#### YOUR GOAL
Every line below from the one containing "Personalisiertes Safari-Giraffenmuster auf" through the one containing "6、 点击图像菜单,选择旋转选项,按顺时针方向旋转90度,查看旋转后的效果。" is to be printed exactly, with the pictures omitted.

#### EXERCISE DATA
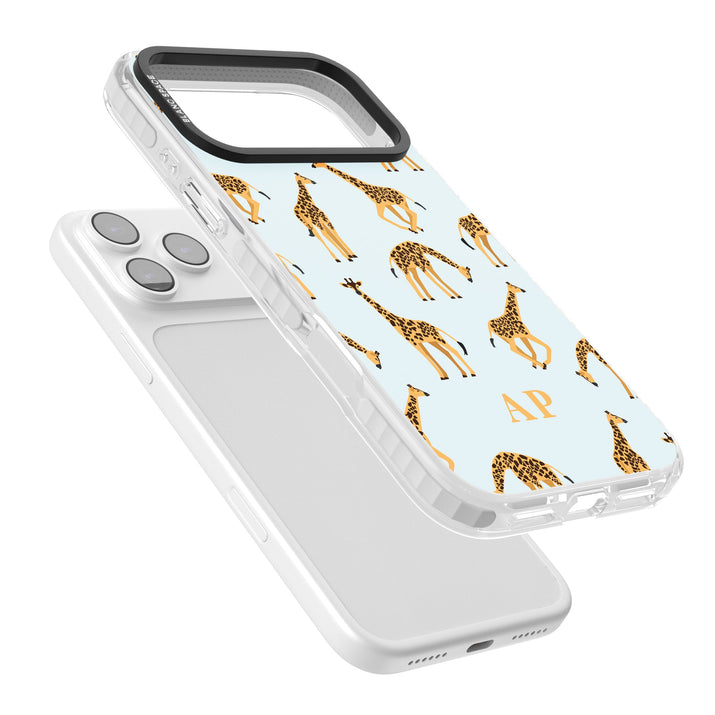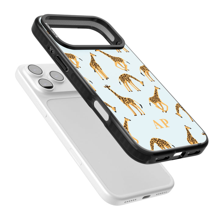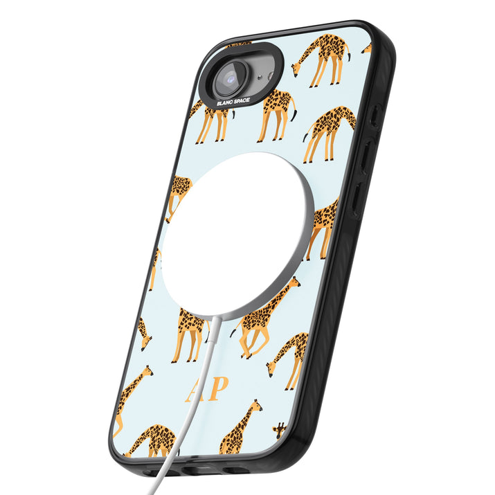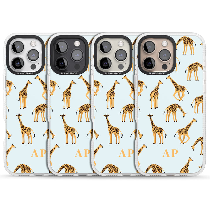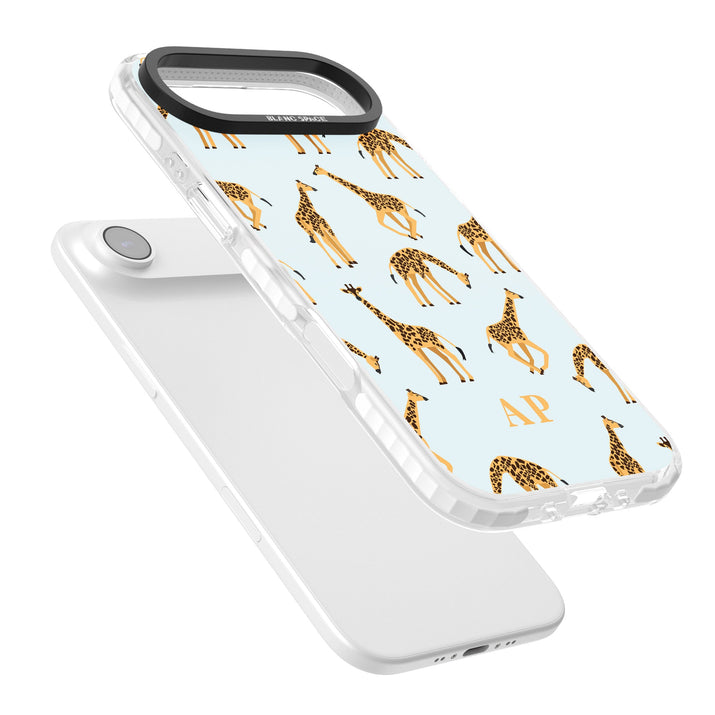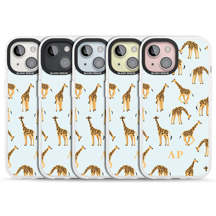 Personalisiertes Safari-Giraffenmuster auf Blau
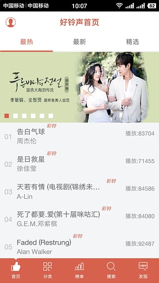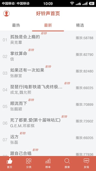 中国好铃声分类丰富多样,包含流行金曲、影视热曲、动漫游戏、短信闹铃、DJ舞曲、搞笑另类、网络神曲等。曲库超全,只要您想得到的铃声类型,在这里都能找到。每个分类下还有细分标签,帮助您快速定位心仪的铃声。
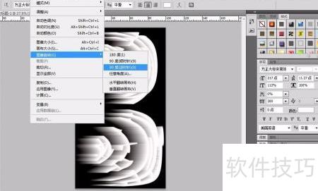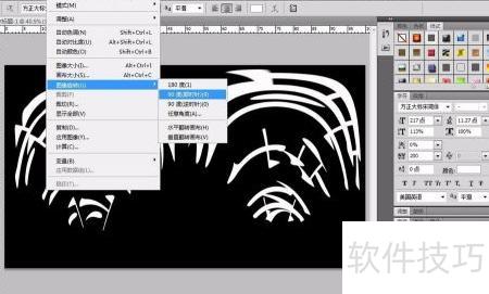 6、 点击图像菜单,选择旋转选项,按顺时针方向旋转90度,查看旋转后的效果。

--

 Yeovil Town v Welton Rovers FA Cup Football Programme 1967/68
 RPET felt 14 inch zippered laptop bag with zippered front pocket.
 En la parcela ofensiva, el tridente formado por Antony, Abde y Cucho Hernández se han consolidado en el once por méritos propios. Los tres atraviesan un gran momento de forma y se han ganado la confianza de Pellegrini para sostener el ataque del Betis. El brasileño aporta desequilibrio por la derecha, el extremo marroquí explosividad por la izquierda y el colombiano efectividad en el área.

#### YOUR RESPONSE
 Personalisiertes Safari-Giraffenmuster auf Blau
 中国好铃声分类丰富多样,包含流行金曲、影视热曲、动漫游戏、短信闹铃、DJ舞曲、搞笑另类、网络神曲等。曲库超全,只要您想得到的铃声类型,在这里都能找到。每个分类下还有细分标签,帮助您快速定位心仪的铃声。
 6、 点击图像菜单,选择旋转选项,按顺时针方向旋转90度,查看旋转后的效果。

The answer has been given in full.